Exercise prompt: Take the line that contains "Ручка дуга не" and every line below it to the end of the entries, and give them again exactly, leaving out any pictures.

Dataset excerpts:
↓

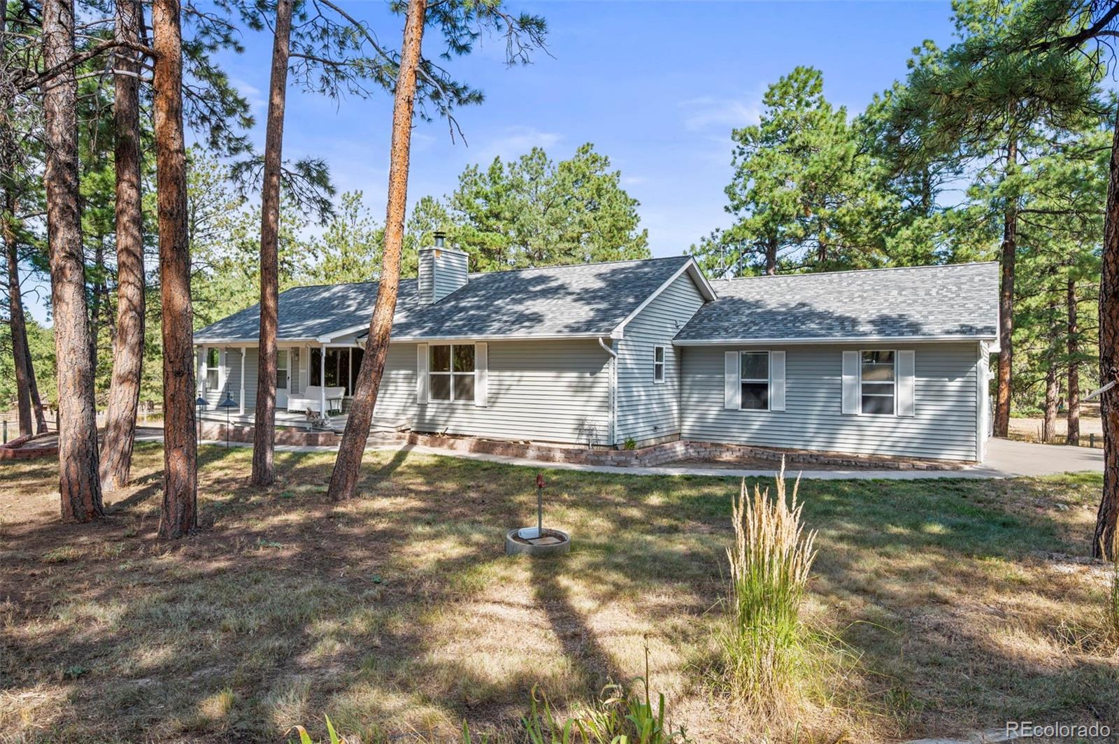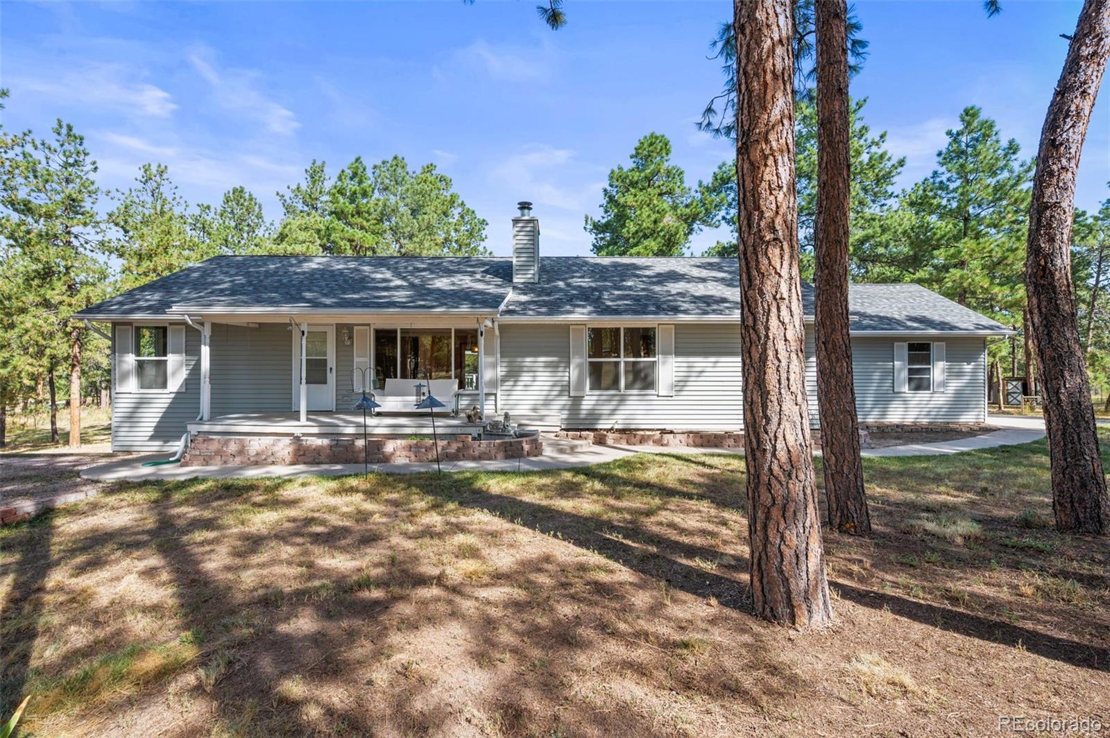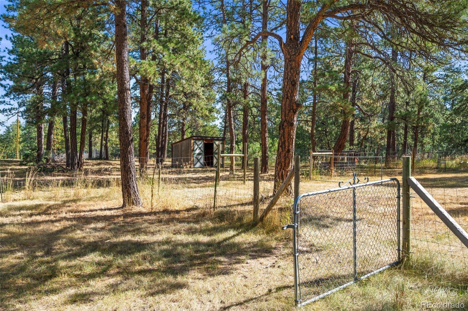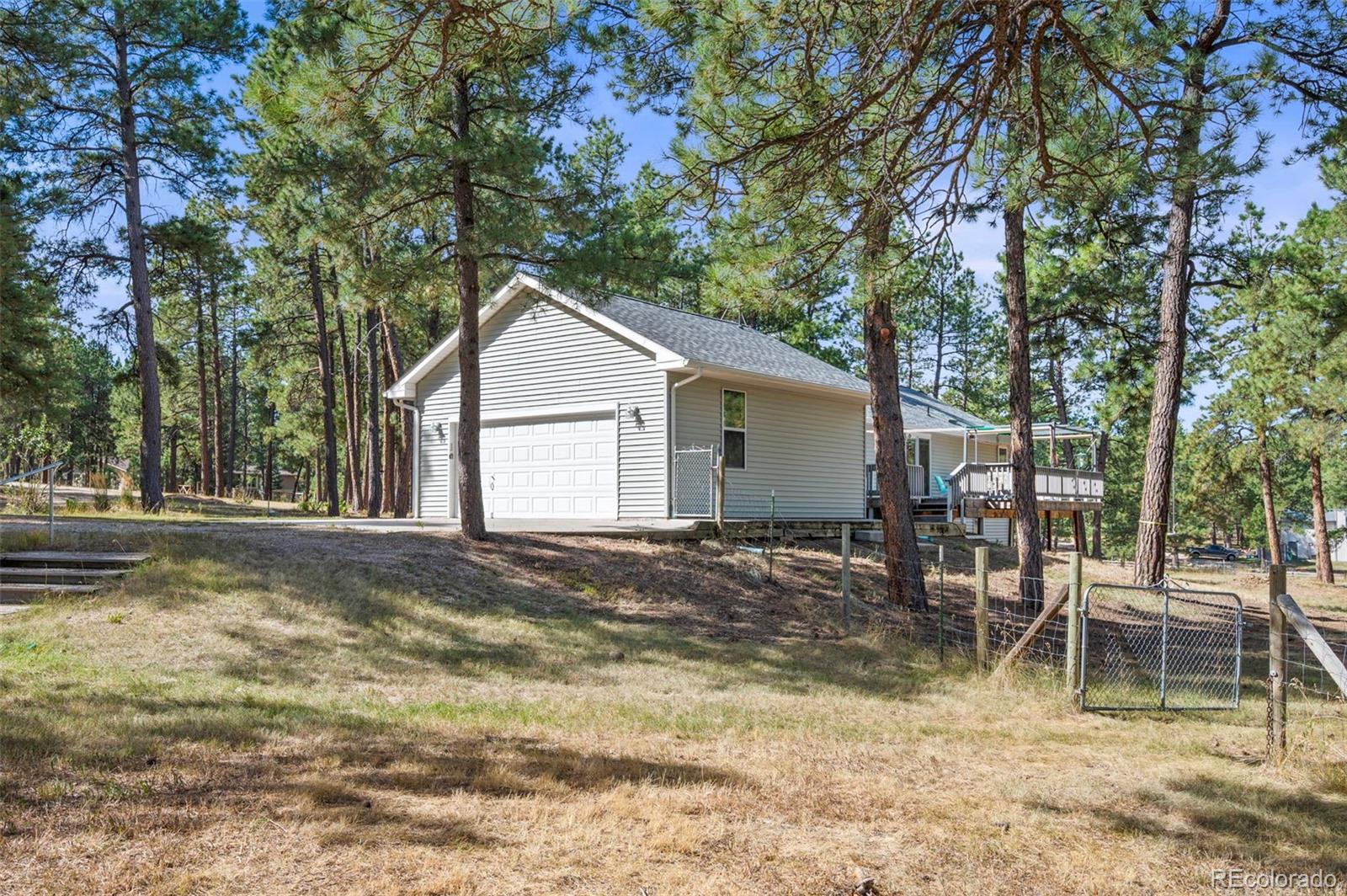 This spacious ranch home offers single-level living on five acres in Elizabeth. At the center of the home, a large living room with a fireplace connects to the dining area and kitchen, creating an easy flow for daily living and gatherings. The eat-in kitchen includes ample counter space, a pantry, and all essential appliances. The primary suite features a walk-in closet and a five-piece bath, while two additional bedrooms and a full bath are located on the opposite side of the home, providing a practical split-bedroom layout for privacy from the primary. A convenient laundry room sits near the attached two-car garage for everyday function. The home is move-in ready with fresh paint, new carpet and neutral finishes ready for your customization. Outdoor living is a highlight, with a covered front deck and back deck that both look out onto the peaceful forest setting. The mature trees provide both privacy and tranquility, offering a quiet retreat that can be enjoyed year-round. The home has been professionally fire mitigated to allow for easy homeowners insurance approval. The property is zoned RA-1, serviced by a private well and septic, and enhanced with recent upgrades such as a newer roof and new gutter guards. For the animal lover, the property is fully fenced with a gated entry and additional cross fencing for smaller pastures. There is a loafing shed with sliding doors if you'd like to bring any 4-legged friends. Or, for those without animals, you could utilize the storage sheds as a great place for lawn equipment, overflow storage, etc. With its acreage, privacy, and versatile layout, this home offers a true country lifestyle while remaining close to the community amenities of Elizabeth — an excellent opportunity to enjoy space and comfort in a serene location.
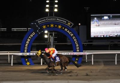 全国各地で行われる牝馬重賞を競走成績によりポイントを付与して優勝馬を決定する世代別牝馬重賞シリーズ「GRANDAME-JAPAN2012」。7月26日(木)、古馬シーズンの第3弾となる「サンケイスポーツ杯第11回ノースクイーンカップ(H2)[ワークフォース賞]」が行われ、井上 俊彦騎手騎乗の単勝1番人気ショウリダバンザイ号が大外一気の追い込みで、2着 サクラサクラサクラ号にハナ差の大接戦を制して優勝しました(タイム1.57.1)。ショウリダバンザイ号は昨年と一昨年に引き続きノースクイーンカップ3連覇を達成しました。
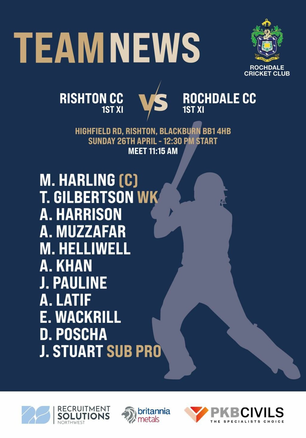 We are looking forward to our first away game of the season - Sunday 26th April 2026 - here is our 1XI Team Selection
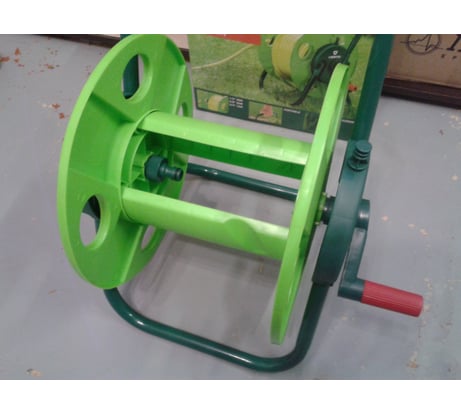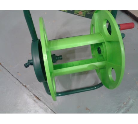Ручка дуга не жестко фиксируется, болтается. Хоть и некогда не выпадала, но по ощущениям очень некомфортно, постоянно эксплуатируешь очень осторожно и внимательно. Шланг 25мм наматывается 25мп ровно. Ручка для вращения барабана не функциональная и неудобная, каждый раз наматываю вручную (крутя сам барабан руками). В целом за год использования при не очень частом пользовании нормальная вещь для аккуратного хранения шланга за стоимость 2000-2500. Имею вторую катушку Гардена на колесах - она как раз очень удобная для частого использования.
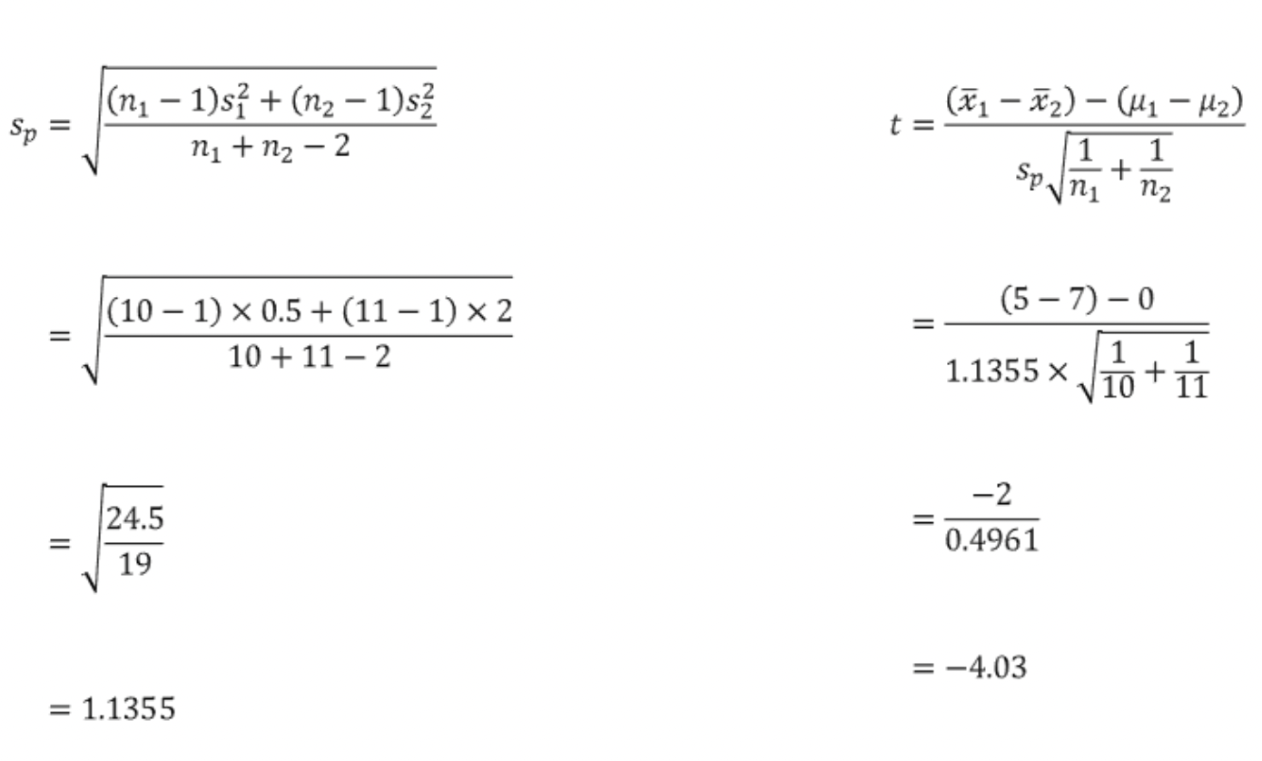 이 때 t 검정통계량을 계산하는 방식은 Z 검정과 유사한데, 단지 두 집단의 모분산 대신 통합분산추정량을 사용하면 된다.

↑

Your response:
Ручка дуга не жестко фиксируется, болтается. Хоть и некогда не выпадала, но по ощущениям очень некомфортно, постоянно эксплуатируешь очень осторожно и внимательно. Шланг 25мм наматывается 25мп ровно. Ручка для вращения барабана не функциональная и неудобная, каждый раз наматываю вручную (крутя сам барабан руками). В целом за год использования при не очень частом пользовании нормальная вещь для аккуратного хранения шланга за стоимость 2000-2500. Имею вторую катушку Гардена на колесах - она как раз очень удобная для частого использования.
 이 때 t 검정통계량을 계산하는 방식은 Z 검정과 유사한데, 단지 두 집단의 모분산 대신 통합분산추정량을 사용하면 된다.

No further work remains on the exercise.